Your assignment
In the records below, reproduce exactly the lines from the one containing "MélangeCapuchonRechte zoomRaglanmouwenGeribd ceintuurtjeOp" through the one containing "Membership ribbon consisting", both included, and omit the pictures.

Listed entries
※
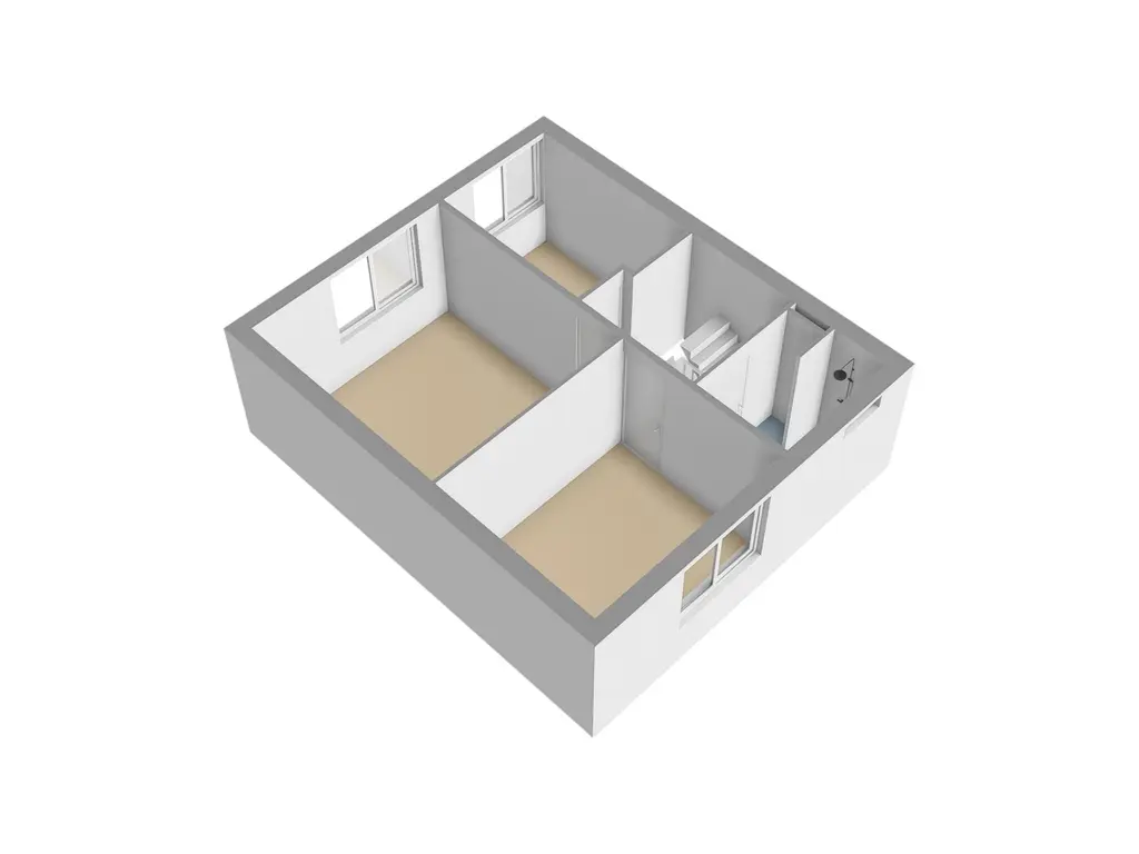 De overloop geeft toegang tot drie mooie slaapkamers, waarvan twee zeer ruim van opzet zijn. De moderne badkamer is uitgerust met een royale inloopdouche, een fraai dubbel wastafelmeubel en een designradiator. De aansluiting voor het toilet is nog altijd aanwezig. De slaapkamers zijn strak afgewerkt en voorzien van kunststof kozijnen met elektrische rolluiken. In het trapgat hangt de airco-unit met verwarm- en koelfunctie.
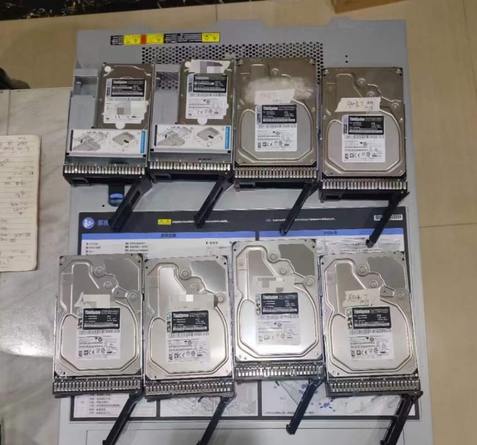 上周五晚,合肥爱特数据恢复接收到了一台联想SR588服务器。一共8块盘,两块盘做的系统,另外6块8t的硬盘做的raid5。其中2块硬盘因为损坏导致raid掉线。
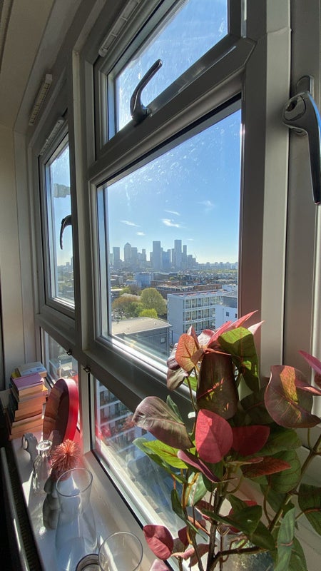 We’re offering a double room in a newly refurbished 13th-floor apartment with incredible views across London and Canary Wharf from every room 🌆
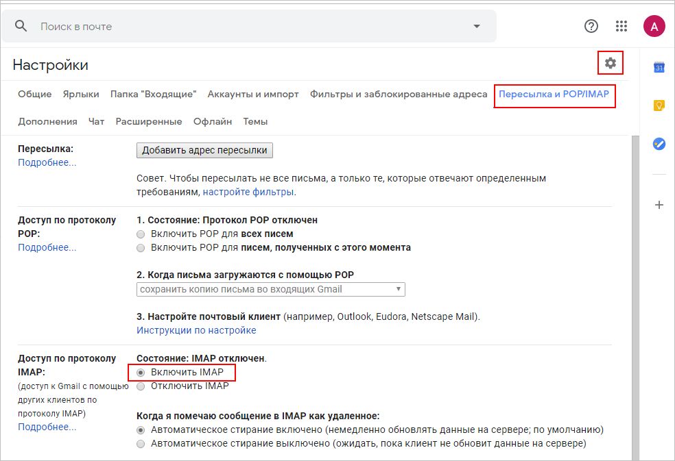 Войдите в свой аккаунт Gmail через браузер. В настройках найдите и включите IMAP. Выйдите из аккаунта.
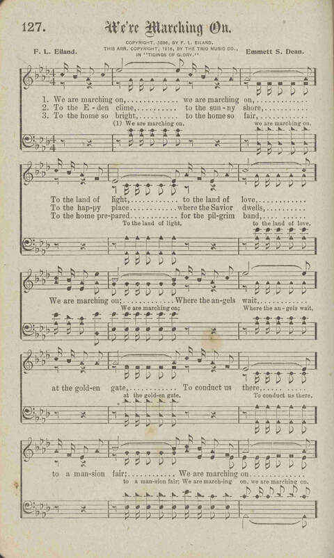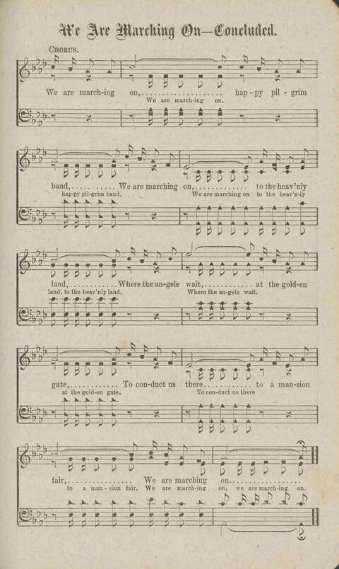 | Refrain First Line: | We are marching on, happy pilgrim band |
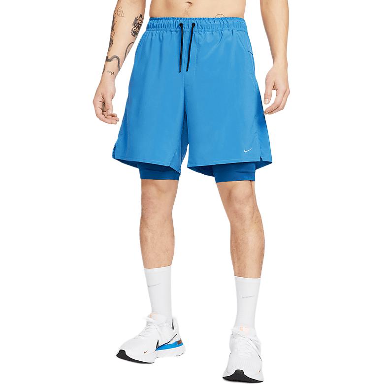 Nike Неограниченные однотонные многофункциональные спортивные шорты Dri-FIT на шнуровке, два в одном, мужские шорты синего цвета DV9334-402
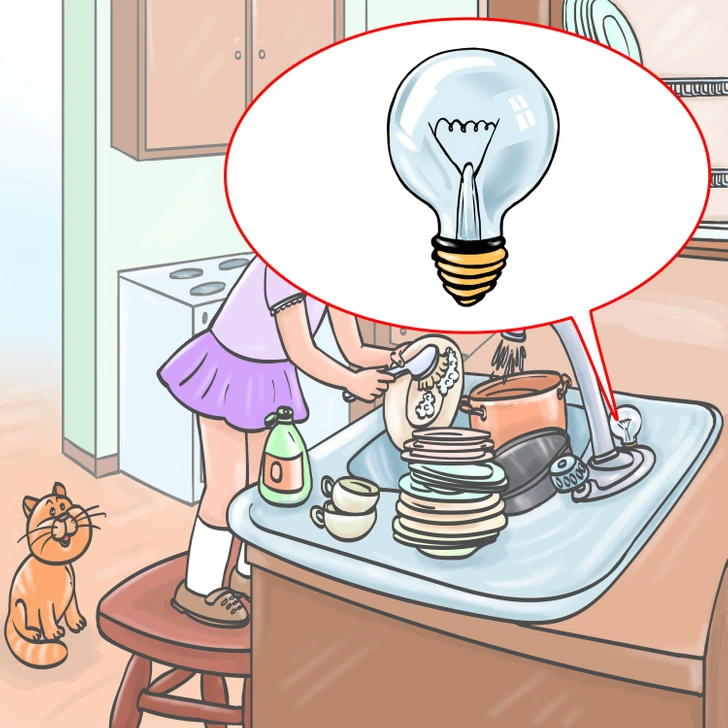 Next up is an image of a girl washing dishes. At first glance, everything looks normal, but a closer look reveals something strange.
※
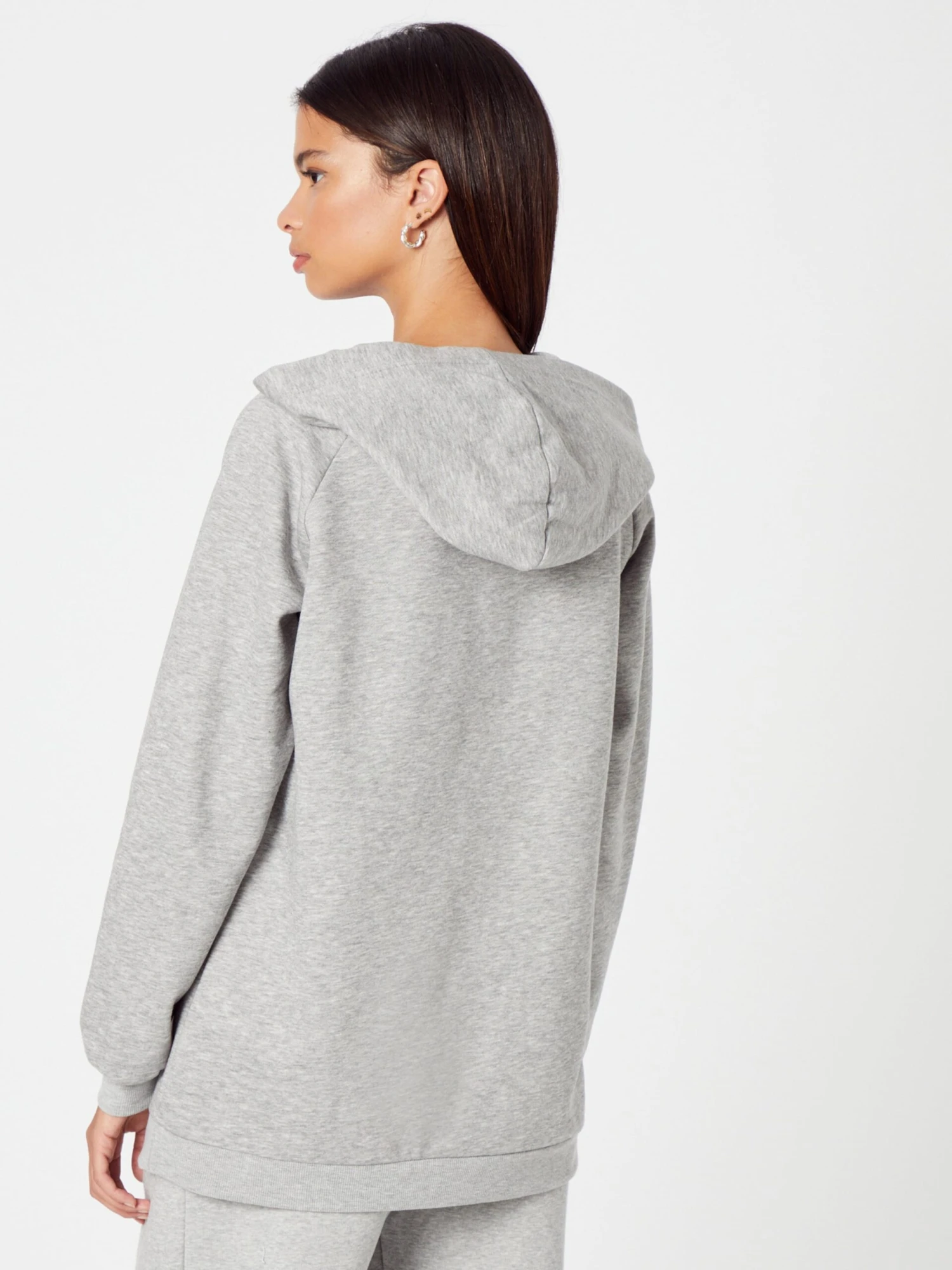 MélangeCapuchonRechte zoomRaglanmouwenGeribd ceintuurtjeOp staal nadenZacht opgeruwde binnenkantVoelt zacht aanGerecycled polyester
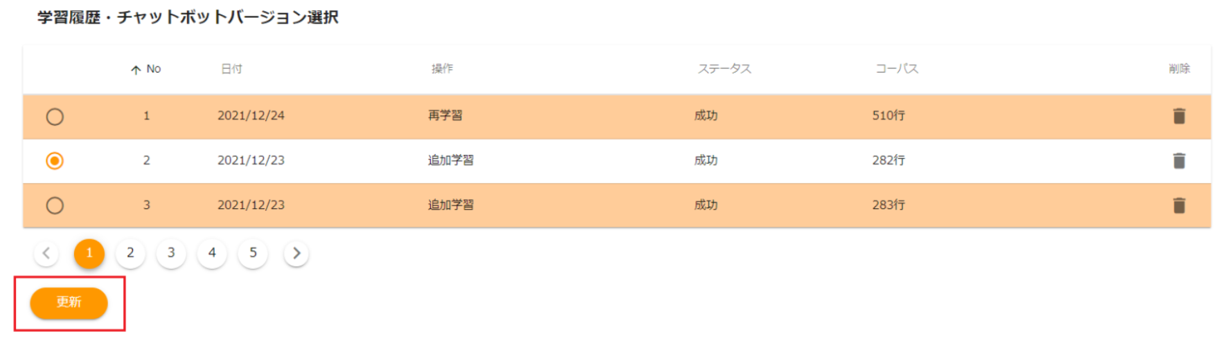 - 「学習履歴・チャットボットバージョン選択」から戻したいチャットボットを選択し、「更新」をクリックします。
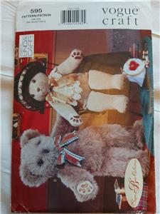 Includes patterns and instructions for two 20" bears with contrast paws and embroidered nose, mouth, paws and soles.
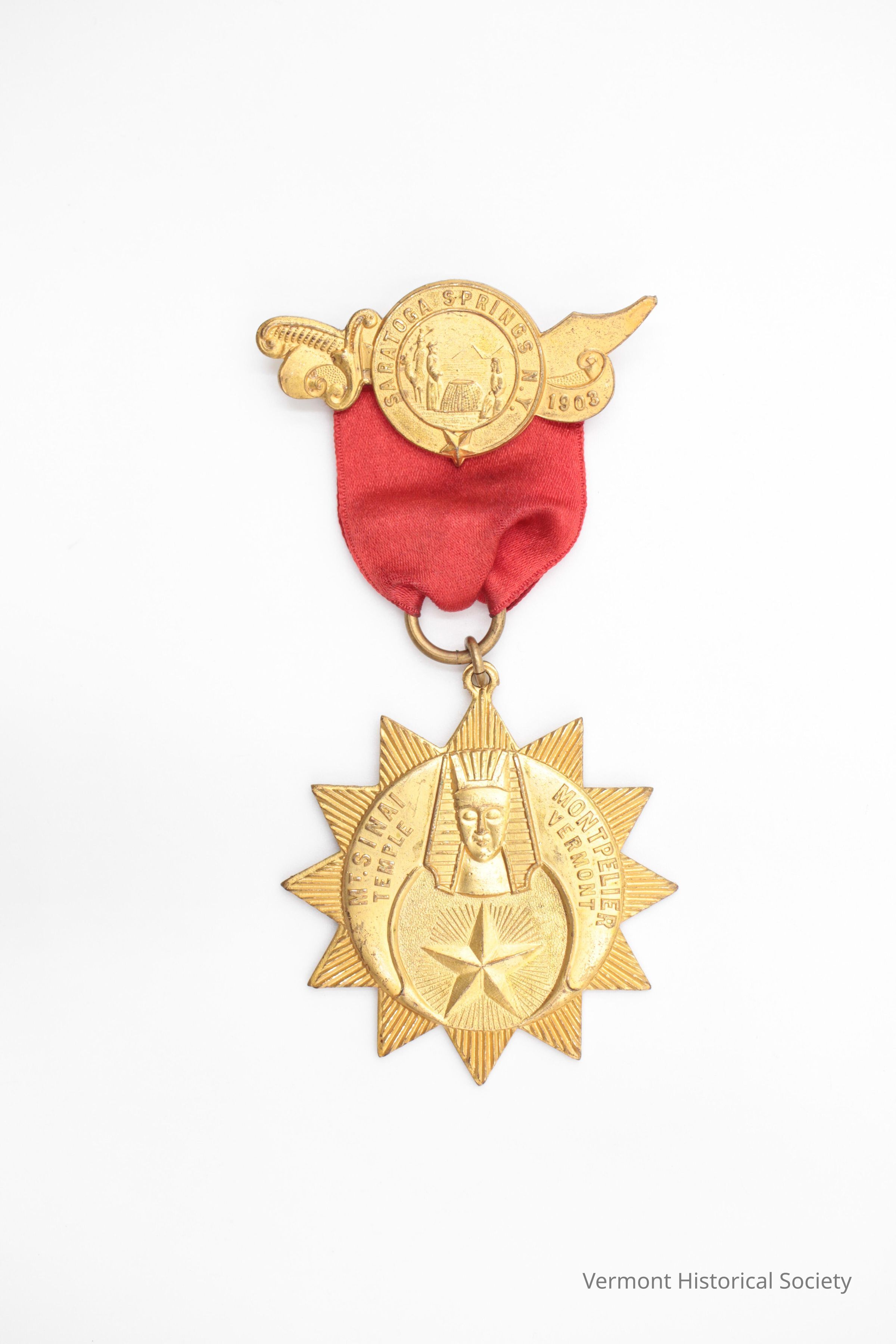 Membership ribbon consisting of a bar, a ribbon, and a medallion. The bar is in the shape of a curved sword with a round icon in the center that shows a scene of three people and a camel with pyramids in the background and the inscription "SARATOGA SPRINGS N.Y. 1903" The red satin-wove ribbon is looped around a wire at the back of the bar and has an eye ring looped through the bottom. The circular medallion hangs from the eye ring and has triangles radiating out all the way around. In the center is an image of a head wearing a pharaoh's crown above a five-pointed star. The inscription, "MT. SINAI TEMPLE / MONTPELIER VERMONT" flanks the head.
※
Answer for this exercise
 MélangeCapuchonRechte zoomRaglanmouwenGeribd ceintuurtjeOp staal nadenZacht opgeruwde binnenkantVoelt zacht aanGerecycled polyester
 - 「学習履歴・チャットボットバージョン選択」から戻したいチャットボットを選択し、「更新」をクリックします。
 Includes patterns and instructions for two 20" bears with contrast paws and embroidered nose, mouth, paws and soles.
 Membership ribbon consisting of a bar, a ribbon, and a medallion. The bar is in the shape of a curved sword with a round icon in the center that shows a scene of three people and a camel with pyramids in the background and the inscription "SARATOGA SPRINGS N.Y. 1903" The red satin-wove ribbon is looped around a wire at the back of the bar and has an eye ring looped through the bottom. The circular medallion hangs from the eye ring and has triangles radiating out all the way around. In the center is an image of a head wearing a pharaoh's crown above a five-pointed star. The inscription, "MT. SINAI TEMPLE / MONTPELIER VERMONT" flanks the head.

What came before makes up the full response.